Светличный ласково посмотрел ему вслед.
– Ишь ты! – усмехнулся он и покрутил головой.
Весь этот день он был в празднично-радостном настроении. Вспоминал Сережку. Как он, хмыкая носом и топчась, выспрашивал себе новую цель: а теперь что? "Это в нем человек проснулся! И какой человек! Гордый, с чувством собственной силы и достоинства".
"Но это не я в нем разбудил! – честно признавался себе Светличный. – Я его и не приметил. Это шахта разбудила, труд. Как же мне теперь разбудить огонек в Викторе Абросимове, в Мальченко, в Васильчикове? Нет, плохо я работаю, плохо. Надо мне серьезно взяться за них".
И он "брался" за отстающих, стыдил, ставил Сережку в пример, "накачивал". Он и сам еще был молод и неопытен, он думал, что стоит "накачать" человека, – и он полетит, как воздушный шар. Сложная наука воспитания человеческого характера была еще неведома ему; он просто и не умел разбираться в душевных тонкостях и настроениях ребят.
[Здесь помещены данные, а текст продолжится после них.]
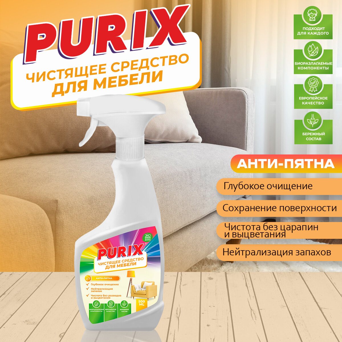 Пятновыводитель спрей, средство Анти-пятна Purix 500 мл для удаления пятен с мягкой мебели, ковров, в салоне автомобиля информация:

Он злился, кричал на них, срамил на собраниях, – помочь им он еще и сам не умел. Особенно Виктору.
А Виктору надо было помочь. С ним было совсем плохо.
11
Однажды утром Виктора разбудило какое-то странное дребезжание – нет, жужжание – оконных стекол. Он проснулся, вскочил, прислушался. Стекла жужжали. Казалось, тысяча звонких пчел бились в окна, требуя, чтобы их впустили…
– А-а! – с тоской догадался Виктор. – Зовет уже! – И вдруг почувствовал, что сегодня он никак не сможет заставить себя встать и пойти на шахту. Да и не хочет!
Он опустил голову на подушку – подушка была добрая, родная, – но глаз не закрыл. Перед его койкой по-прежнему висел плакат: "Шахтер, дай добычь!" Как всегда, слова сразу же бросились на Виктора, едва только он неосторожно повел головой. Сейчас эти слова были неприятны ему. Особенно второе, требовательное: дай!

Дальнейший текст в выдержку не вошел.